*Exercise objective:*
In the listing below, find the line containing "Drifrásin í RAV4" and the line containing "Le porche vu de l'intérieur.". Repeat exactly those two lines and every line between them.

*Provided data:*
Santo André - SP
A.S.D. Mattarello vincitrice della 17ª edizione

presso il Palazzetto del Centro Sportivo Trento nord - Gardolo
==
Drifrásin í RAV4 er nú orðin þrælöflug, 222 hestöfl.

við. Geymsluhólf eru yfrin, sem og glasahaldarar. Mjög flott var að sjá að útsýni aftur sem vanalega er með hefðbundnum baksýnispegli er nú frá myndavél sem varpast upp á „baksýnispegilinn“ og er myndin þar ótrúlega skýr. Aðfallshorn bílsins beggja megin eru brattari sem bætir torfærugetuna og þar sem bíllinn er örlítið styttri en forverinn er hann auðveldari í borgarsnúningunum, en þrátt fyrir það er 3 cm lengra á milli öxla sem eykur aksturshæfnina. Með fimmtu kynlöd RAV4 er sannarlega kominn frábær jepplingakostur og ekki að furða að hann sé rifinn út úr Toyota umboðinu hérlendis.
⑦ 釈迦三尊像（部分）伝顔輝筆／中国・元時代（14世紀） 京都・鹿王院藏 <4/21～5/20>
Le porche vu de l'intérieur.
* * *
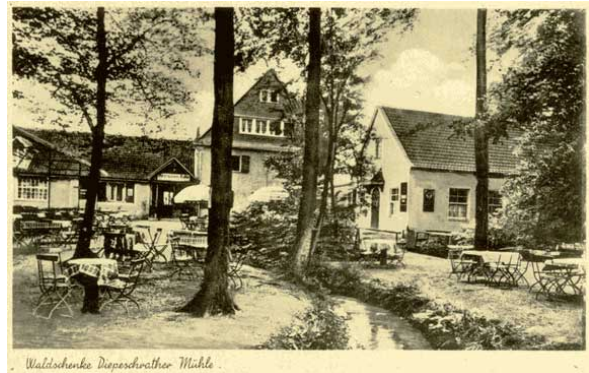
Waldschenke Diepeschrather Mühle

*Answer area:*
Drifrásin í RAV4 er nú orðin þrælöflug, 222 hestöfl.

við. Geymsluhólf eru yfrin, sem og glasahaldarar. Mjög flott var að sjá að útsýni aftur sem vanalega er með hefðbundnum baksýnispegli er nú frá myndavél sem varpast upp á „baksýnispegilinn“ og er myndin þar ótrúlega skýr. Aðfallshorn bílsins beggja megin eru brattari sem bætir torfærugetuna og þar sem bíllinn er örlítið styttri en forverinn er hann auðveldari í borgarsnúningunum, en þrátt fyrir það er 3 cm lengra á milli öxla sem eykur aksturshæfnina. Með fimmtu kynlöd RAV4 er sannarlega kominn frábær jepplingakostur og ekki að furða að hann sé rifinn út úr Toyota umboðinu hérlendis.
⑦ 釈迦三尊像（部分）伝顔輝筆／中国・元時代（14世紀） 京都・鹿王院藏 <4/21～5/20>
Le porche vu de l'intérieur.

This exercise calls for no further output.